**WORK ITEM:** Every entry below should be repeated exactly; the pictures should not.

##### DATA FOR REVIEW #####

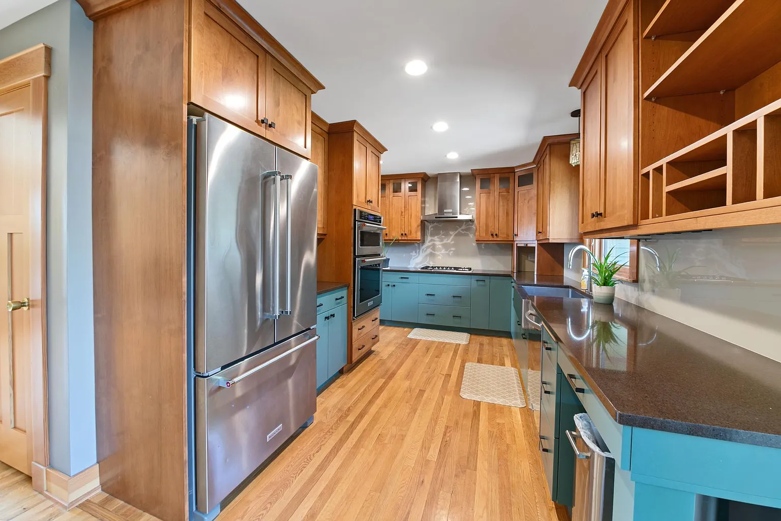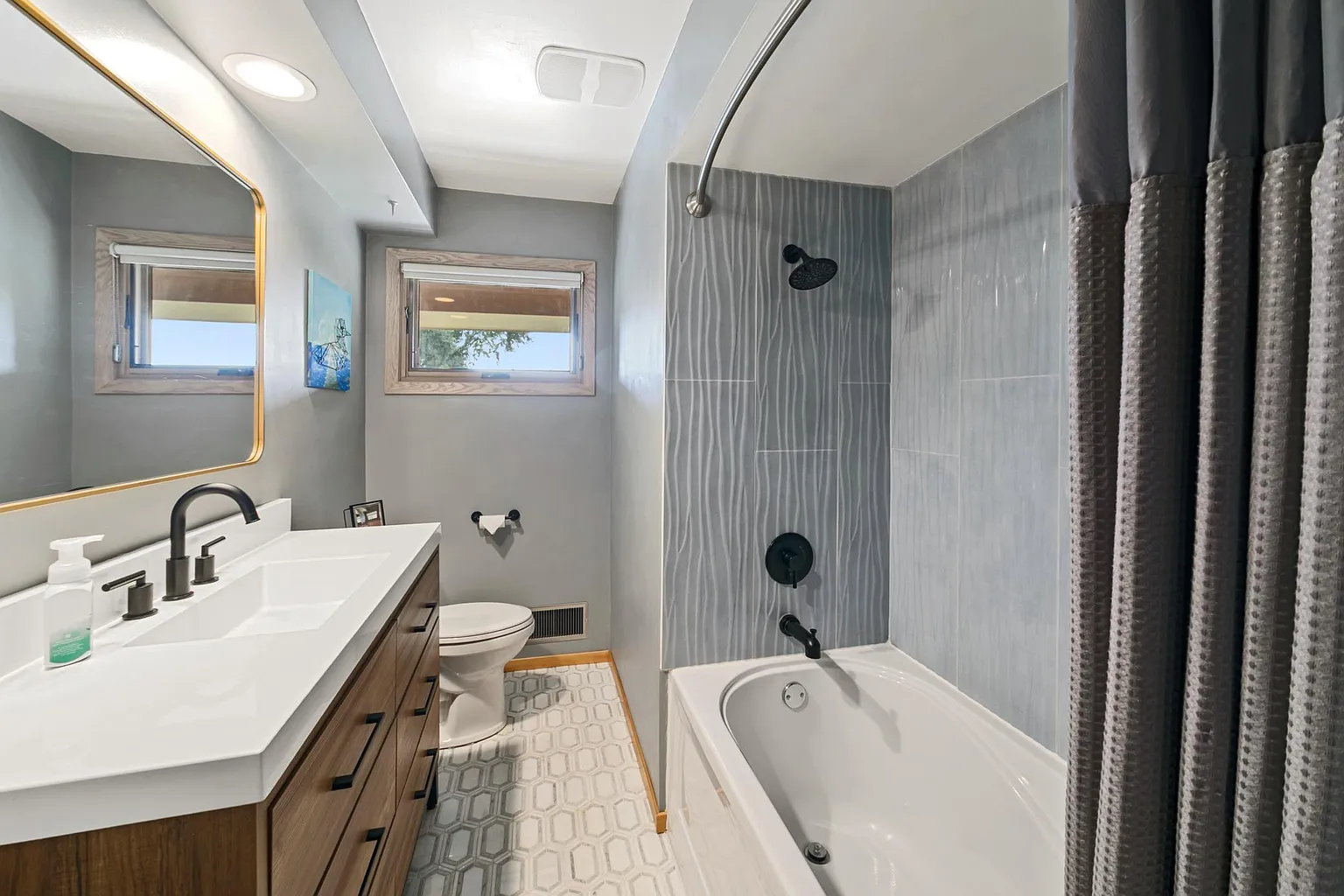 This stunning property combines modern comfort with mid-century classic charm. Walk up to the decorative brick and cement board home with a flagstone patio and a classic front porch to sit and enjoy the evenings. As you enter the front foyer, you will feel the mid-century characteristics of brick and hardwood along with some tasteful updates throughout. Featuring three spacious bedrooms, three baths, and an open-concept layout ideal for both entertaining and everyday living. Enjoy the warmth of hardwood floors, a chef’s kitchen with stainless steel appliances, granite counters, gas stove top, convection oven, custom cabinets and more. The main level includes the living room, kitchen, dining area, two bedrooms and a full bath. The upper level boasts the large primary ensuite. The lower level has an office area, large flex room, fireplace and a 3/4bath along with ample storage space. Abundant natural light pouring through oversized windows and a walkout dining area to a fully fenced private backyard including a large two tiered deck. Don’t miss the oversized, 20×36, two car garage. Located just minutes from downtown Minneapolis, this prime Golden Valley location offers the perfect blend of suburban tranquility and urban convenience. Nearby Gearty Park and Briarwood Nature Area are perfect for walking and biking along with Theodore Wirth Park only a short distance away. Quick access to shopping and dining, more than a home—it’s a lifestyle. Whether you’re hosting gatherings on the large deck or unwinding in the cozy living room, this property is ready to welcome you home.
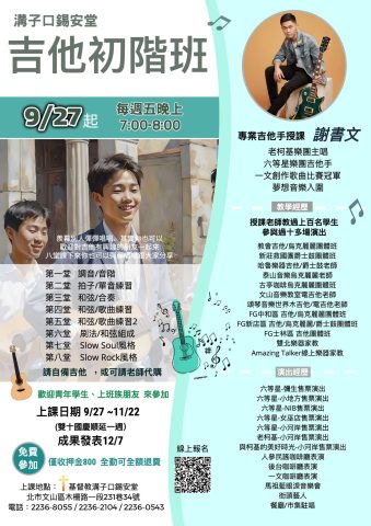 上課地點:台北市文山區木柵路一段231巷34號(基督教溝子口錫安堂)
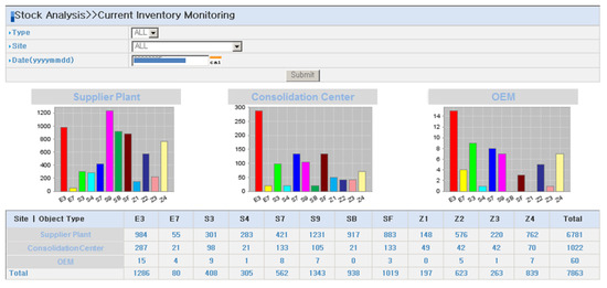 The constructed RFID system facilitates not only sequence checking but also real-time inventory monitoring, as shown in Figure 11. The pertinent application aggregates and reports current inventory information based on the receiving or shipping RFID event data stored in the EPCIS installed at each site. The inventory at each plant can be monitored automatically from an office instead of having workers at the consolidation center check the inventory every morning and share the inventory information with the managers so that they can plan the daily production schedule of the supplier plant. Consequently, the inventory-checking time of workers at the consolidation center and the inventory errors are reduced, and real-time production planning and inventory control become possible.
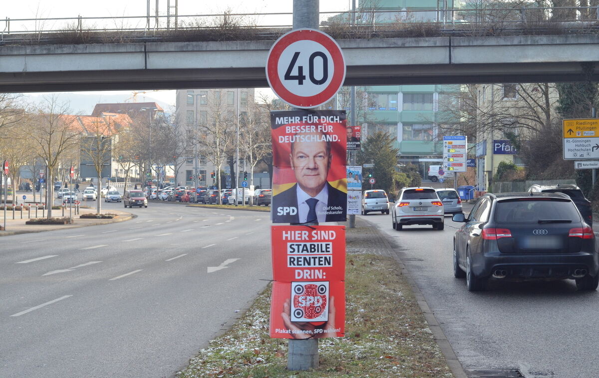 Die SPD habe massenhaft Plakate »widerrechtlich« aufgehängt, schreibt die CDU in einem offenen Brief an OB Thomas Keck. Wie hier an der Stadthalle unter einem Tempo-40-Schild.
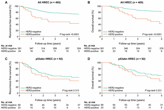 Kaplan–Meier survival curves for 5-year (A) recurrence-free survival (RFS) and (B) overall survival (OS) for PORTEC-3 patients with HER2-positive and HER2-negative high-risk endometrial cancer (HREC); 5-year (C) RFS and (D) OS for patients with HER2-positive and HER2-negative p53 abnormal HREC.
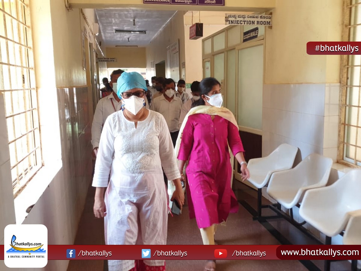 اتر کینرا ضلع پنچایت کی سی ای او ایم پریانگا کا بھٹکل دورہ: سرکاری اسپتال میں کورونا مریضوں کے لیے موجود انتظامات کا لیا جائزہ
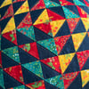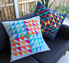 Make this super-sized cushion using a simple machine piecing technique to make up half square triangles in no time at all. You can use four prints as in the blue version, or eight different prints as in the grey. These full colour easy-to-follow instructions will take you through every step.
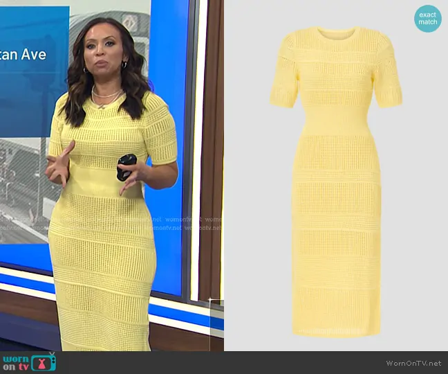 Adelle Caballero on Today on NBC was spotted wearing this yellow short sleeve knit dress on Today on May 08 2025's episode. Adelle's Dress is the Knit Midi Dress by Jason Wu Collective.
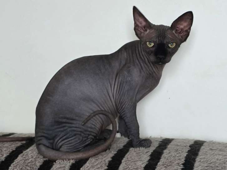 Suite à la réduction de mon élevage, je propose à l'adoption une très belle femelle Sphynx noire, âgée de 2 ans et demi. Cette chatte très câline, expressive et proche de l'humain est à jour de ses vaccins e...

#####

**EXERCISE OUTPUT:**
 This stunning property combines modern comfort with mid-century classic charm. Walk up to the decorative brick and cement board home with a flagstone patio and a classic front porch to sit and enjoy the evenings. As you enter the front foyer, you will feel the mid-century characteristics of brick and hardwood along with some tasteful updates throughout. Featuring three spacious bedrooms, three baths, and an open-concept layout ideal for both entertaining and everyday living. Enjoy the warmth of hardwood floors, a chef’s kitchen with stainless steel appliances, granite counters, gas stove top, convection oven, custom cabinets and more. The main level includes the living room, kitchen, dining area, two bedrooms and a full bath. The upper level boasts the large primary ensuite. The lower level has an office area, large flex room, fireplace and a 3/4bath along with ample storage space. Abundant natural light pouring through oversized windows and a walkout dining area to a fully fenced private backyard including a large two tiered deck. Don’t miss the oversized, 20×36, two car garage. Located just minutes from downtown Minneapolis, this prime Golden Valley location offers the perfect blend of suburban tranquility and urban convenience. Nearby Gearty Park and Briarwood Nature Area are perfect for walking and biking along with Theodore Wirth Park only a short distance away. Quick access to shopping and dining, more than a home—it’s a lifestyle. Whether you’re hosting gatherings on the large deck or unwinding in the cozy living room, this property is ready to welcome you home.
 上課地點:台北市文山區木柵路一段231巷34號(基督教溝子口錫安堂)
 The constructed RFID system facilitates not only sequence checking but also real-time inventory monitoring, as shown in Figure 11. The pertinent application aggregates and reports current inventory information based on the receiving or shipping RFID event data stored in the EPCIS installed at each site. The inventory at each plant can be monitored automatically from an office instead of having workers at the consolidation center check the inventory every morning and share the inventory information with the managers so that they can plan the daily production schedule of the supplier plant. Consequently, the inventory-checking time of workers at the consolidation center and the inventory errors are reduced, and real-time production planning and inventory control become possible.
 Die SPD habe massenhaft Plakate »widerrechtlich« aufgehängt, schreibt die CDU in einem offenen Brief an OB Thomas Keck. Wie hier an der Stadthalle unter einem Tempo-40-Schild.
 Kaplan–Meier survival curves for 5-year (A) recurrence-free survival (RFS) and (B) overall survival (OS) for PORTEC-3 patients with HER2-positive and HER2-negative high-risk endometrial cancer (HREC); 5-year (C) RFS and (D) OS for patients with HER2-positive and HER2-negative p53 abnormal HREC.
 اتر کینرا ضلع پنچایت کی سی ای او ایم پریانگا کا بھٹکل دورہ: سرکاری اسپتال میں کورونا مریضوں کے لیے موجود انتظامات کا لیا جائزہ
 Make this super-sized cushion using a simple machine piecing technique to make up half square triangles in no time at all. You can use four prints as in the blue version, or eight different prints as in the grey. These full colour easy-to-follow instructions will take you through every step.
 Adelle Caballero on Today on NBC was spotted wearing this yellow short sleeve knit dress on Today on May 08 2025's episode. Adelle's Dress is the Knit Midi Dress by Jason Wu Collective.
 Suite à la réduction de mon élevage, je propose à l'adoption une très belle femelle Sphynx noire, âgée de 2 ans et demi. Cette chatte très câline, expressive et proche de l'humain est à jour de ses vaccins e...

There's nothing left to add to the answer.